The support that I have received through Healthworks has been the essence of the full recovery.  They have a holistic health program where they look after everything: your psychological wellbeing as well as your physical wellbeing.

The staff treat us with dignity which helps in keeping you well and self esteem feeling in yourself.  Since I’ve been getting Hep C treatment at Healthworks, the holistic approach to my health has empowered me to get in contact with my birth mother.

And as with everything in my life, since I started this treatment, healing hasn’t just been for my Hep C but for my emotions too.  It has brought me in contact with my birth mother; she rings me every 2 days and she expresses her love for me.

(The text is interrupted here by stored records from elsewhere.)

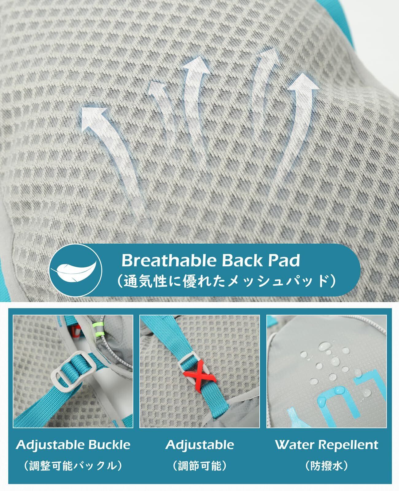 優れた通気性:ランニングリュックのショルダーベルトと背面パッドには通気性に優れた薄型メッシュ素材を採用。汗や湿気をすばやく逃がし、長時間のランニングや登山でも蒸れずに快適な着用感をキープします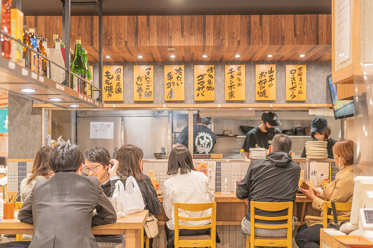 대규모의 상업시설인 만큼 가게 내부의 인테리어는 깔끔합니다. 오픈 키친으로 야키토리나 토리카와가 구워지는 향이 식욕을 자극합니다. 맥주를 포함한 각종 일본 사케도 판매하고 있어 직장인들이 간편하게 먹고 마시기 좋은 느낌입니다. 인기점이라 피크 시간대는 웨이팅을 하는 모습도 종종 보입니다.
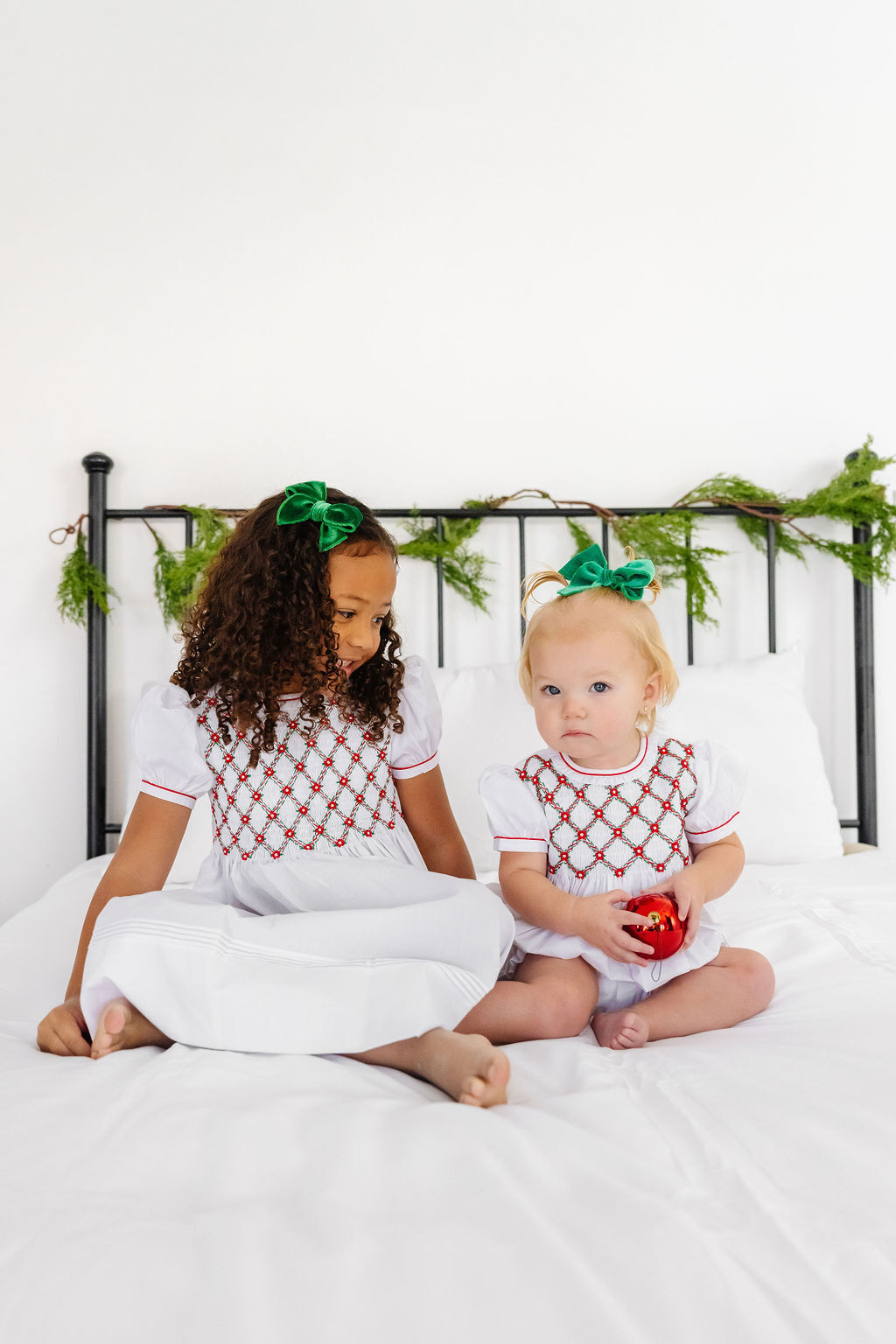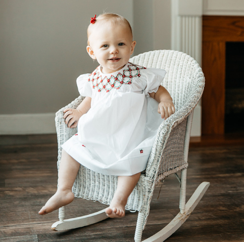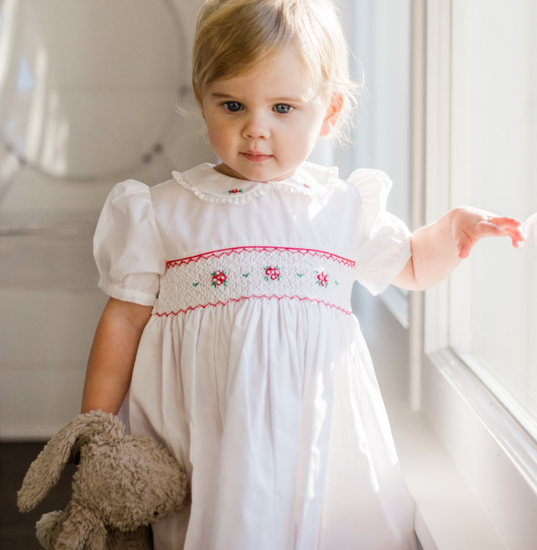 One of the most exciting additions for 2025, the Girls Holiday Garden Dress brings fresh styling into the Feltman holiday lineup. Its crisp white base, red smocking, and puff-sleeve silhouette deliver a garden-festive feel that feels both new and classic.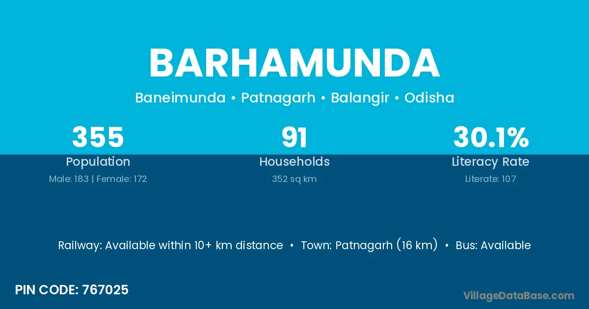 Patnagarh (16 km) is the nearest town to Barhamunda village for major economic activities and is located approximately 16 km away.
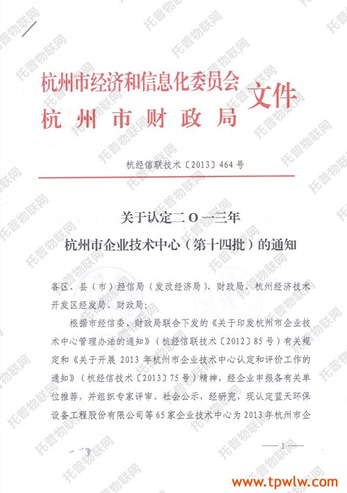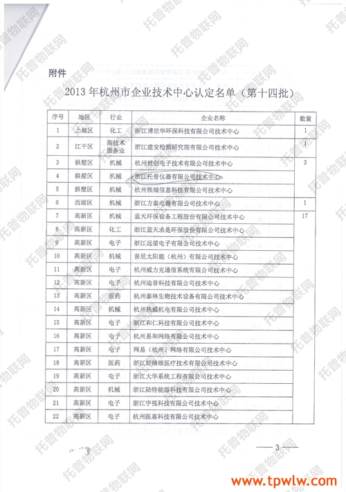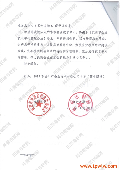 经企业申报各有关单位推荐,并组织专家评审、社会公示、经杭州市经信委和财政局研究认定浙江托普仪器有限公司等65家企业技术中心为2013年杭州市企业技术中心(第十四批)。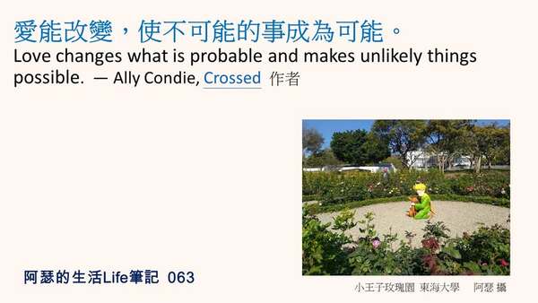愛能改變,使不可能的事成為可能。Love changes what is probable and makes unlikely things possible. ― Ally Condie, Crossed 作者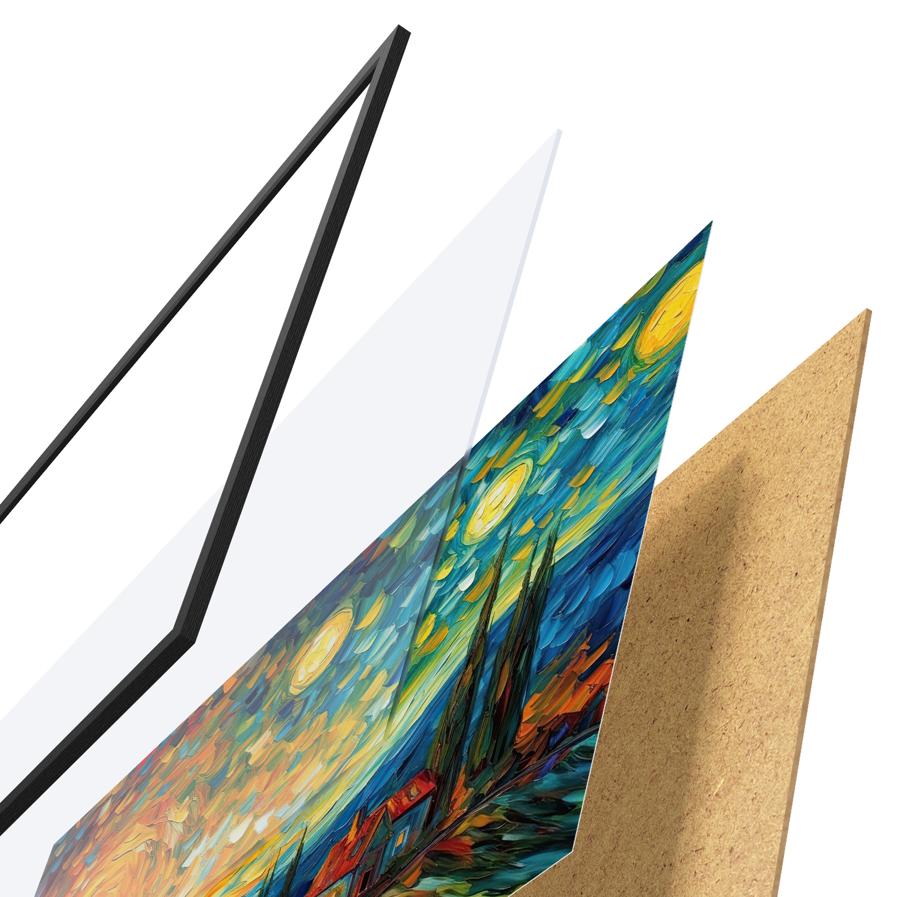 Plakat koosneb raamist, pleksiklaasist, trükitud pildist ja puitlaastplaadist alusplaadist. Tänu tagaküljel olevatele kinnitustele saab plakati kohe seinale riputada.

I can’t think of any time in my life that I have felt this well and I firmly believe that it is through the clinic that has accepted me and treated me with dignity and respect that has enabled me to start to love myself as well.  I would not have made contact with my mother if I had not got treatment for the Hep C.

Everything started to fall into place after treatment. My life has just turned around. My mother doesn’t treat me with any malice about my Hep C. She’s looked it up on the computer and found out all about the medical side.  She’s done nothing but praise me for going through the treatment and putting up with the side effects.

She kisses me when she comes to see me.  She’s come to see me three times.  She rings me up two days after I have my treatment each week and I’m starting to feel better and I feel a bit emotional after I have my interferon shots but she rings me with encouragement and support which makes all the difference.

One day when I finish the Interferon and I’m well I’m hoping to maybe move to Tasmania.”